I have been working on this the last few days, but I am having trouble figuring it out. I'm looking for some pointers on a good way to approach this.

I am trying to set up an alert that will identify when a particular unit within a group is an outlier (say<20%) of the entire group as an average. I hate to use a metaphor instead of showing event data, but I can't do that. A good metaphor is light bulbs in a house.

Each light bulb is reporting event data every 5 minutes, and these events contain the following information:

  • House ID#
  • Lightbulb ID#
  • total power consumed by light (this value accumulates indefinitely as the light bulb is turned on)
  • Timestamp

A typical application will be that a house has 10 light bulbs in it, all reporting the above data to Splunk. I can watch the power consumed by each light over time and see how long that light has been turned on. I can look at all of the lights at once and see which lights are on the most/use the most energy, etc.

All lights should have similar usage throughout the day, so I would expect the average power of all lights used in the house to be similar to any specific light (IE tight grouping of data). If by the end of the day, one of the lights has only used <=20% of the average power of all lights - I want to be alerted so that I can look into that light and make sure it is working.

I have many houses reporting data, but I only care about averaging within the individual houses - not across them.

So some "sample" data for a house:

EVENT_0:
HouseID: 001
LightID: A
TotalPower: 1W

EVENT_1:
HouseID: 001
LightID: B
TotalPower: 5W

EVENT_2:
HouseID: 001
LightID: C
TotalPower: 5W

EVENT_3:
HouseID: 001
LightID: A
TotalPower: 2W

EVENT_4:
HouseID: 001
LightID: B
TotalPower: 10W

EVENT_5:
HouseID: 001
LightID: C
TotalPower: 10W

EVENT_6:
HouseID: 001
LightID: A
TotalPower: 3W

EVENT_7:
HouseID: 001
LightID: B
TotalPower: 20W

EVENT_8:
HouseID: 001
LightID: C
TotalPower: 20W

Now extrapolate this out for a day, and you would see that "LightID: A" is significantly underpacing Light B and C.

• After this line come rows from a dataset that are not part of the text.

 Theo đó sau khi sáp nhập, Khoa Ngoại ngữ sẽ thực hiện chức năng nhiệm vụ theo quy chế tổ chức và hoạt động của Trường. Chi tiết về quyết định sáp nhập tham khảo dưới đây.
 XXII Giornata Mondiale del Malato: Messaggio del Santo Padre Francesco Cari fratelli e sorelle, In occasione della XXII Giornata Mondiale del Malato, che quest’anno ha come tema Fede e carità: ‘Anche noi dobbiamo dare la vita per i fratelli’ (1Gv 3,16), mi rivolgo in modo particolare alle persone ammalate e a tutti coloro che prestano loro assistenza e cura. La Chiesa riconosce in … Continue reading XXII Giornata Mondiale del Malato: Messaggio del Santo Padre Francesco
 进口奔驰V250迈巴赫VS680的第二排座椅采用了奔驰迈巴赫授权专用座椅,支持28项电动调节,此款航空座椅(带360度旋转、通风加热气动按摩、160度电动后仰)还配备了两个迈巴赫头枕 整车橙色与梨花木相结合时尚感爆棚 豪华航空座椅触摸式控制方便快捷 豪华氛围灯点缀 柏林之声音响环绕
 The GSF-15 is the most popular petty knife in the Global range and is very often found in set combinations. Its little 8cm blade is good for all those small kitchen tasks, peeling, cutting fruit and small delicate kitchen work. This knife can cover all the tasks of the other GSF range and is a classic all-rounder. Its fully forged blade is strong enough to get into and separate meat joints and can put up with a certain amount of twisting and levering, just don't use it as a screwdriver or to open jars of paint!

How would I go about finding the average "TotalPower" for the entire house => Latest total power value of(A + B +C/3)= 3W +20W+20W/3=~14W and compare each individual lights power for the day to this average?

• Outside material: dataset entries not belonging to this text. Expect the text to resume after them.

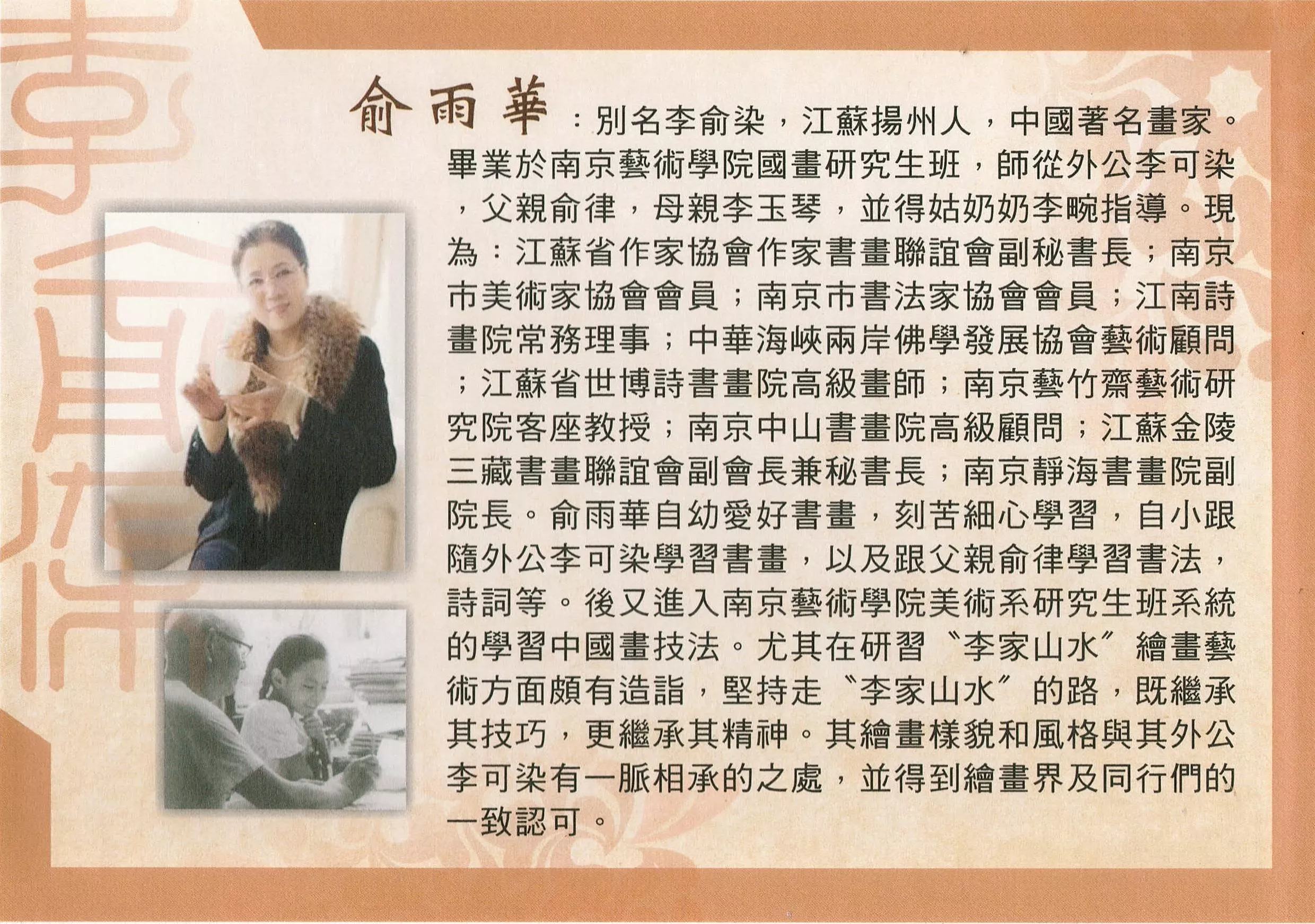 李俞染,本名俞雨華,出生於江蘇。她出身於聲名顯赫的藝術世家,身為國畫宗師李可染的外孫女,她自幼便耳濡目染, 7 歲起便隨外公李可染研墨展紙,貼身學習長達二十餘年,深得「李家山水」的真傳。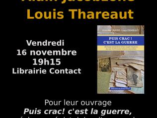 Rencontre avec Alain Jacobzone et Louis Thareaut 16/11/2018 La librairie Contact accueillera le vendredi 16 novembre Alain Jacobzone et Louis Thareaut pour leur ouvrage Puis crac! c'est… Lire la suite Type d'événement Conférence, débat, forum
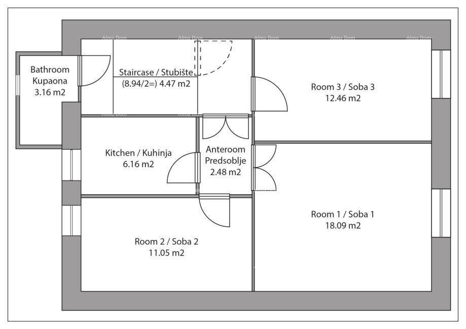 Stan trenutno nema dnevni boravak, jedna od spavaćih soba lako se može prenamijeniti u dnevni prostor, ovisno o potrebama budućeg vlasnika.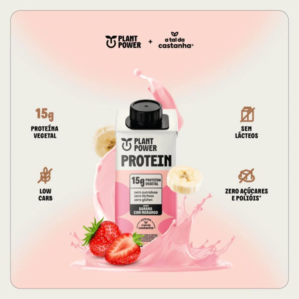 A Bebida Protein Banana e Morango Plant Power 250ml oferece uma solução nutritiva e saborosa para quem busca uma fonte de proteína de origem vegetal.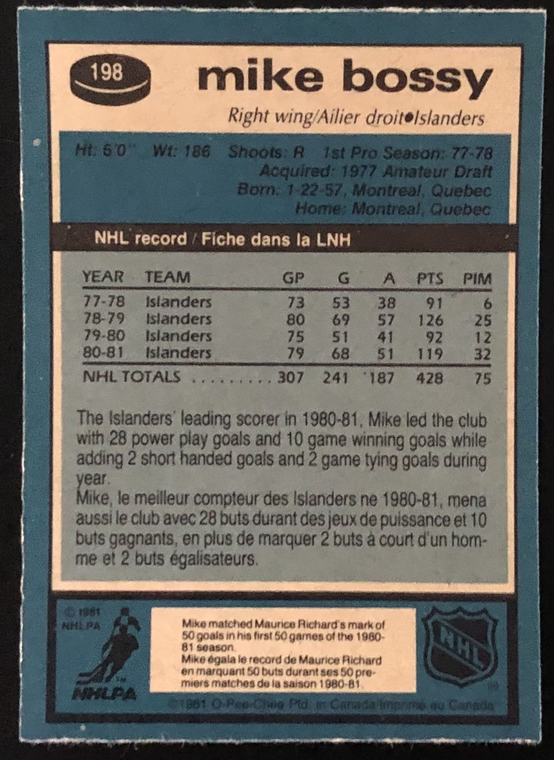 Card #198 NHL, hockey, vintage, OPC, hall of fame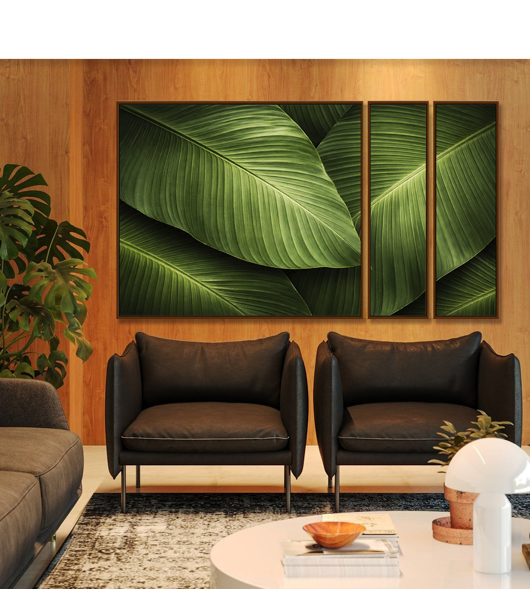 Folhagem de bananeira tropical em verde intenso, trazendo frescor e sofisticação natural ao ambiente. Ideal para sala, quarto, escritório ou espaços que pedem um toque moderno e exuberante.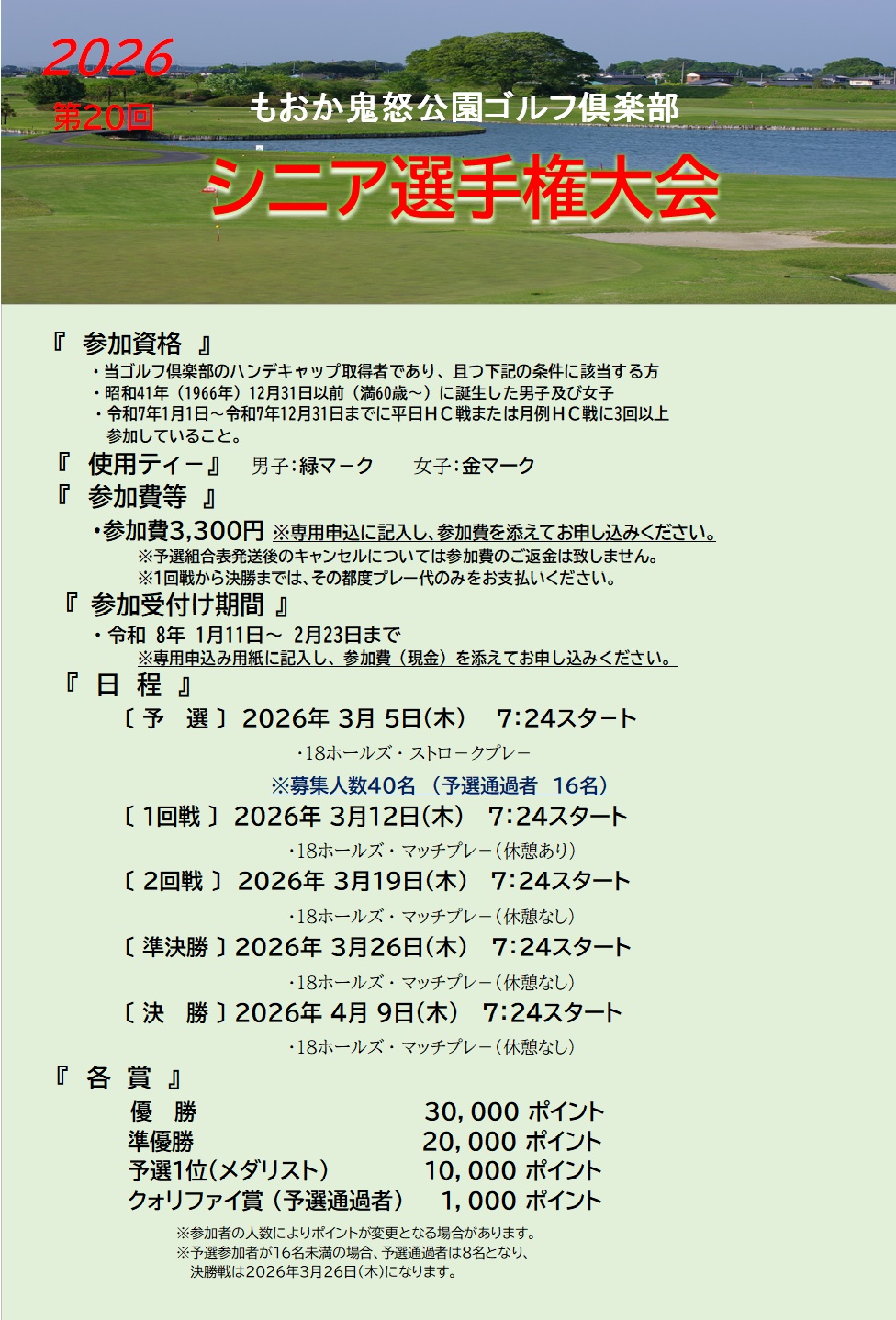 2026年1月11日 / 最終更新日 : 2026年1月11日 wpmaster 重要なお知らせ 2026 シニア選手権 開催のお知らせ 2026 第20回 シニア選手権大会の参加者を募集いたします。参加資格をご確認の上お申し込みください。奮ってご参加ください。

Note that I only need to look at the latest "TotalPower" at the end of the day as it is an accumulating field.

I have tried messing with some of the stddev stats and calculating upper/lower bounds, but can only seem to make each lightbulb compare to itself - yielding a stdev of 0 for everything.

I think the easiest way to do it is to find the average for the house - then compare it to the average of each lightbulb. But using the BY modifier seems to basically find the average of each lightbulb and compare it to itself. Once again giving me a 0 or 1.

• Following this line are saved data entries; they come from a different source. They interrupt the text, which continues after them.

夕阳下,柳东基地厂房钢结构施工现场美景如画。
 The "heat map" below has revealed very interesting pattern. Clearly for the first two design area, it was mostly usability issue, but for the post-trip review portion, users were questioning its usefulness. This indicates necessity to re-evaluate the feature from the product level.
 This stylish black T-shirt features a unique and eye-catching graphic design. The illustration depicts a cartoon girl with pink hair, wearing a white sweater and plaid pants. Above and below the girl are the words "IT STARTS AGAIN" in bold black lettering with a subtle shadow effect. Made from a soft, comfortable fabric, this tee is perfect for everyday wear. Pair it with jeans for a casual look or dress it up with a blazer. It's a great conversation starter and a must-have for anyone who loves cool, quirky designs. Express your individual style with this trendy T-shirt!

Is "Eventstats" the right way to generate my initial house-wise average before pipelining and then comparing each lightbulb individually?

I appreciate any insight on the right way to approach this. I have taught myself a lot of Splunk in the past month or two - but I am truly confused on this one.

Thanks and let me know if I can clarify anything!

1 Solution

renjith_nair
Legend

Based on your explanation and my assumptions, the below should work for you

index="test" sourcetype="lights"|table HouseID LightID TotalPower
|bucket span=1d _time
|stats sum(TotalPower) as Total by LightID,HouseID
|eventstats sum(Total) as HouseTotal,avg(Total) as AvgTotal by HouseID
|sort HouseID

My sample events are below. Please adjust the search to match your exact requirement

30 Jan 2016 10:00:00 HouseID="001";LightID="A" TotalPower="1"
30 Jan 2016 10:01:00 HouseID="001" LightID="B" TotalPower="5"
30 Jan 2016 10:02:00 HouseID="001" LightID="C" TotalPower="5"
30 Jan 2016 10:03:00 HouseID="001";LightID="A" TotalPower="1"
30 Jan 2016 10:04:00 HouseID="001" LightID="B" TotalPower="10"
30 Jan 2016 10:05:00 HouseID="001" LightID="C" TotalPower="10"
30 Jan 2016 10:06:00 HouseID="001";LightID="A" TotalPower="3"
30 Jan 2016 10:07:00 HouseID="001" LightID="B" TotalPower="20"
30 Jan 2016 10:08:00 HouseID="001" LightID="C" TotalPower="20"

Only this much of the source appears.